ACTIVITY: The whole listing below must be printed again exactly, images excluded.

DATASET EXCERPT:

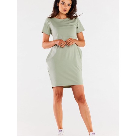 Robe confortable pour l'été. Mini robe à manches courtes. Une coupe bombardier qui dissimule parfaitement toutes les imperfections du corps. Conçue et cousue en Pologne.
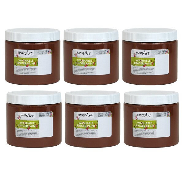 Handy Art Washable Finger Paint offers vibrant, fast drying color with a smooth and creamy texture. Never have little hands had so much fun and been so clean afterwards! Handy Art Washable Finger Paints are available in a variety of sizes and colors. Handy Art Washable Finger Paints are designed to wash out of most clothing with soap and cold water. Handy Art Washable Finger Paints are certified AP non-toxic. Each bottle is 16 oz. Sold as a pack of 6 bottles.
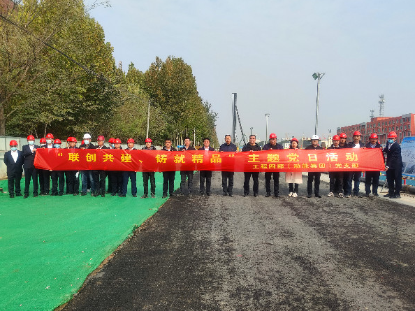 為慶祝黨二十大的勝利召開,充分發(fā)揮黨員先鋒模范作用,加快工程建設(shè),10月29日,建設(shè)集團(tuán)工程四部(動(dòng)能集團(tuán))黨支部聯(lián)合黃河大道二標(biāo)段各參建單位以“聯(lián)創(chuàng)共建、鑄就精品”為主題,舉辦主題黨日活動(dòng)。施工、全詢、設(shè)計(jì)等參建單位黨支部黨員參加了此次活動(dòng)。 活動(dòng)第一階段首先觀摩了黃河大道一期工程項(xiàng)目施工二標(biāo)段現(xiàn)場(chǎng)施工進(jìn)展情況,各參建方現(xiàn)場(chǎng)交流了觀摩心得。 活動(dòng)第二階段在崔寨指揮部中心會(huì)議室,全體黨員統(tǒng)一著裝,佩戴黨員徽章,認(rèn)真學(xué)習(xí)了習(xí)近平總書記在黨的二十大上作的報(bào)告。大家表示,偉大建黨精神是中國共產(chǎn)黨的精神之源,我們將始終堅(jiān)持以習(xí)近平新時(shí)代中國特色社會(huì)主義思想武裝頭腦、指導(dǎo)實(shí)踐、推動(dòng)工作,永葆
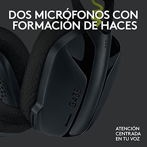 Logitech G435 LIGHTSPEED & Bluetooth Wireless Gaming Headset, Ultra Lightweight 165g over-ear headphones, built-in mics, 18h battery, compatible with Dolby Atmos, PC, PS4, PS5, Nintendo Switch – Black

TASK ANSWER:
 Robe confortable pour l'été. Mini robe à manches courtes. Une coupe bombardier qui dissimule parfaitement toutes les imperfections du corps. Conçue et cousue en Pologne.
 Handy Art Washable Finger Paint offers vibrant, fast drying color with a smooth and creamy texture. Never have little hands had so much fun and been so clean afterwards! Handy Art Washable Finger Paints are available in a variety of sizes and colors. Handy Art Washable Finger Paints are designed to wash out of most clothing with soap and cold water. Handy Art Washable Finger Paints are certified AP non-toxic. Each bottle is 16 oz. Sold as a pack of 6 bottles.
 為慶祝黨二十大的勝利召開,充分發(fā)揮黨員先鋒模范作用,加快工程建設(shè),10月29日,建設(shè)集團(tuán)工程四部(動(dòng)能集團(tuán))黨支部聯(lián)合黃河大道二標(biāo)段各參建單位以“聯(lián)創(chuàng)共建、鑄就精品”為主題,舉辦主題黨日活動(dòng)。施工、全詢、設(shè)計(jì)等參建單位黨支部黨員參加了此次活動(dòng)。 活動(dòng)第一階段首先觀摩了黃河大道一期工程項(xiàng)目施工二標(biāo)段現(xiàn)場(chǎng)施工進(jìn)展情況,各參建方現(xiàn)場(chǎng)交流了觀摩心得。 活動(dòng)第二階段在崔寨指揮部中心會(huì)議室,全體黨員統(tǒng)一著裝,佩戴黨員徽章,認(rèn)真學(xué)習(xí)了習(xí)近平總書記在黨的二十大上作的報(bào)告。大家表示,偉大建黨精神是中國共產(chǎn)黨的精神之源,我們將始終堅(jiān)持以習(xí)近平新時(shí)代中國特色社會(huì)主義思想武裝頭腦、指導(dǎo)實(shí)踐、推動(dòng)工作,永葆
 Logitech G435 LIGHTSPEED & Bluetooth Wireless Gaming Headset, Ultra Lightweight 165g over-ear headphones, built-in mics, 18h battery, compatible with Dolby Atmos, PC, PS4, PS5, Nintendo Switch – Black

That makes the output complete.